Whatever lies between the line that holds "RISAFoundation has the" and the final line of the records below, both included, should be repeated exactly; leave out the pictures and add nothing.
___ DATA UNDER STUDY ___
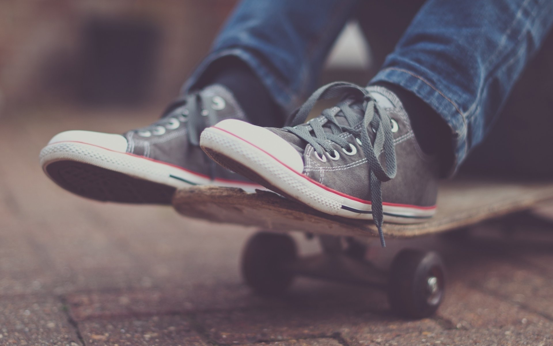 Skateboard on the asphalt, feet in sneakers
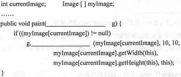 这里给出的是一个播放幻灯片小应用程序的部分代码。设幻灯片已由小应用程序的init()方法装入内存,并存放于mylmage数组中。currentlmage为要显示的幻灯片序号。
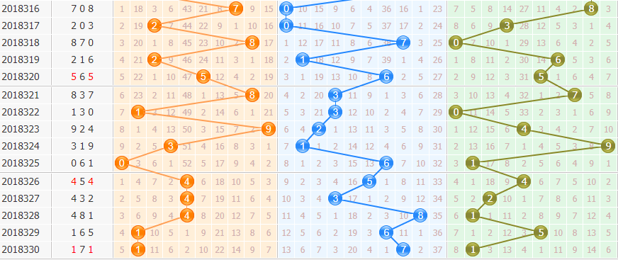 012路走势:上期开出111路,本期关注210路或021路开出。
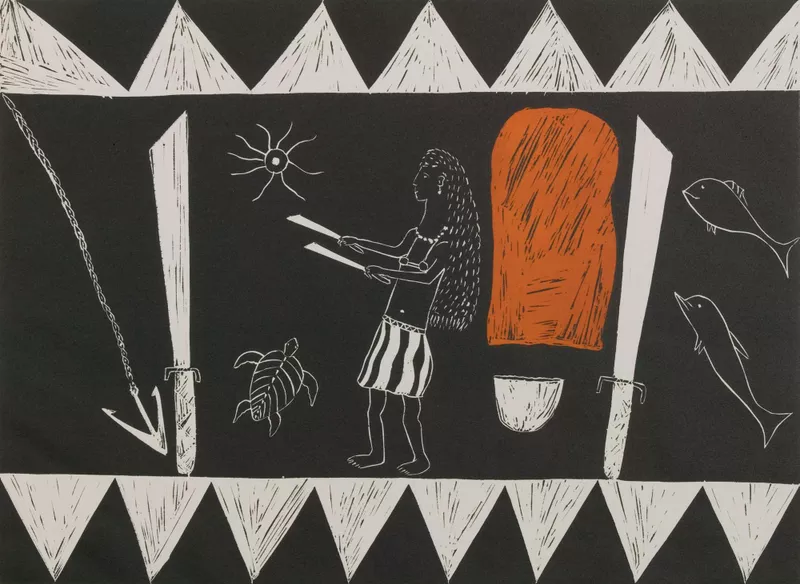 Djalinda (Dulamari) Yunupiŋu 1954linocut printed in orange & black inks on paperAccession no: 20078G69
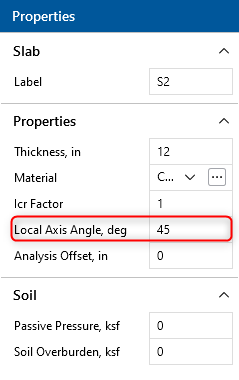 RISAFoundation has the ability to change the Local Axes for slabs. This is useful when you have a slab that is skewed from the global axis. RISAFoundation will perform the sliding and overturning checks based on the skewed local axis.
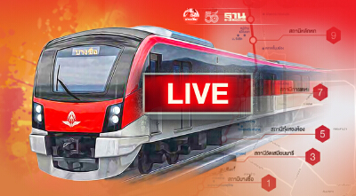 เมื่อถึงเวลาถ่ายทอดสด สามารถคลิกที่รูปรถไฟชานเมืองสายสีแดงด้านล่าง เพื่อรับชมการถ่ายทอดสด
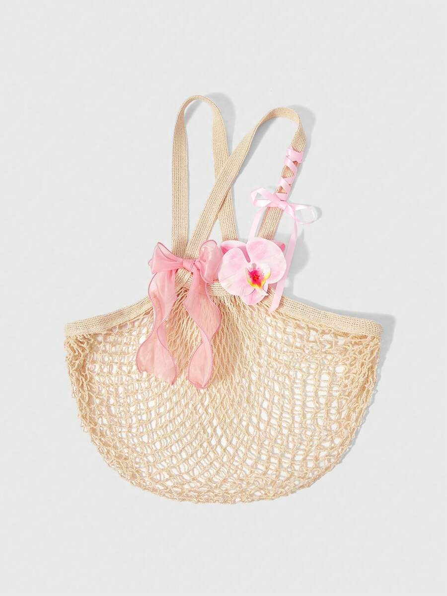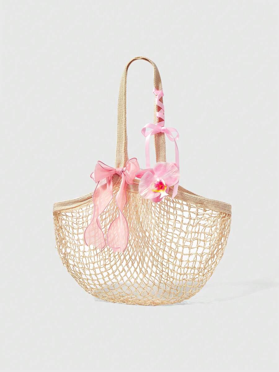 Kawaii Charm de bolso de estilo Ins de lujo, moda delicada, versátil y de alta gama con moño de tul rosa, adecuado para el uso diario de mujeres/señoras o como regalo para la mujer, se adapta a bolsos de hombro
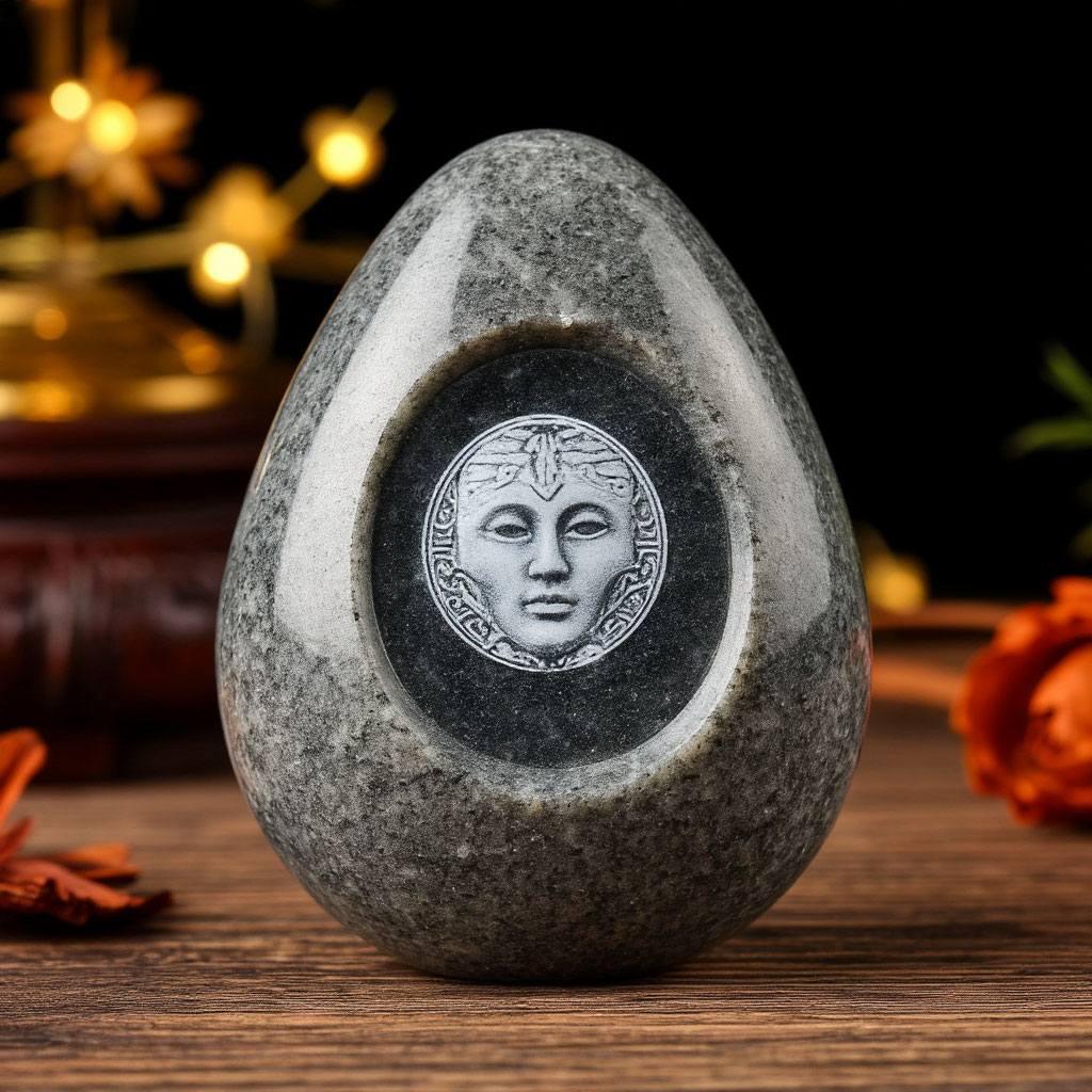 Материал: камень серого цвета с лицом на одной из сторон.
___
→ SOLUTION TO THIS PROBLEM
 RISAFoundation has the ability to change the Local Axes for slabs. This is useful when you have a slab that is skewed from the global axis. RISAFoundation will perform the sliding and overturning checks based on the skewed local axis.
 เมื่อถึงเวลาถ่ายทอดสด สามารถคลิกที่รูปรถไฟชานเมืองสายสีแดงด้านล่าง เพื่อรับชมการถ่ายทอดสด
 Kawaii Charm de bolso de estilo Ins de lujo, moda delicada, versátil y de alta gama con moño de tul rosa, adecuado para el uso diario de mujeres/señoras o como regalo para la mujer, se adapta a bolsos de hombro
 Материал: камень серого цвета с лицом на одной из сторон.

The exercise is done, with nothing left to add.